Medics in No-Man’s Land

But it’s a bit disingenuous to say the culture wars were just hyperbolic posturing of an entire generation held hostage by their metaphors. And I often wonder about how important it is to remember the “culture wars” within the larger context of the real wars out of which they’ve grown. If anything, the past hundred years have been one bloody reminder after another that ideas really do have legs, the worst of which can—and have—run roughshod over millions.

Doug Sikkema
3 minute read

In a century scarred by two world wars and continuously haunted with the threat of a third, it’s little wonder we often opt for martial metaphors. We kill time, pick our battles, work in the trenches, and raise the white flag in resignation. And it’s no different when talking about cultural engagement: “Let’s not just fundamentally disagree with each other,” we say, “let’s have a culture war.”

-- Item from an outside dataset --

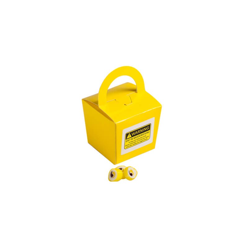 Minimum Order Quantities for 100g Personalised Rock Candy Packed in Coloured Noodle Boxes

But it’s a bit disingenuous to say the culture wars were just hyperbolic posturing of an entire generation held hostage by their metaphors. And I often wonder about how important it is to remember the “culture wars” within the larger context of the real wars out of which they’ve grown. If anything, the past hundred years have been one bloody reminder after another that ideas really do have legs, the worst of which can—and have—run roughshod over millions. It’s why I’m hesitant to join many of my generation and say, rather flippantly: “I’m beyond the culture wars,” even if, perhaps, that’s where I want to be. It’s more than uncharitable to simply dismiss the real fears people have had in the destructiveness of progressive ideology, the Red threat, or even now, burgeoning terrorist ideologies. Sometimes retrenchment is needed.

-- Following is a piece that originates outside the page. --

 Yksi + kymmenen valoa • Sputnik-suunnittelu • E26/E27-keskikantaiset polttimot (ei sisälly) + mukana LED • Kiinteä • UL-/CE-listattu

But perhaps the issue is not necessarily about “culture war,” but how we might see our place in it. Does culture war necessarily mean we all have to be “culture warriors”? I don’t think so.

This past week our Comment editor forwarded an essay by Roger Scruton in The Imaginative Conservative entitled, "Conservatism means Conservation.” Scruton’s point is that environmentalism, which has typically been framed as a “leftist” cause, might actually be more “right wing” than we’ve been led to believe. It’s about slow change, stewardship, and solutions from vibrant local communities. So what gives? How did the “left” hijack what should be the concern of the “right”?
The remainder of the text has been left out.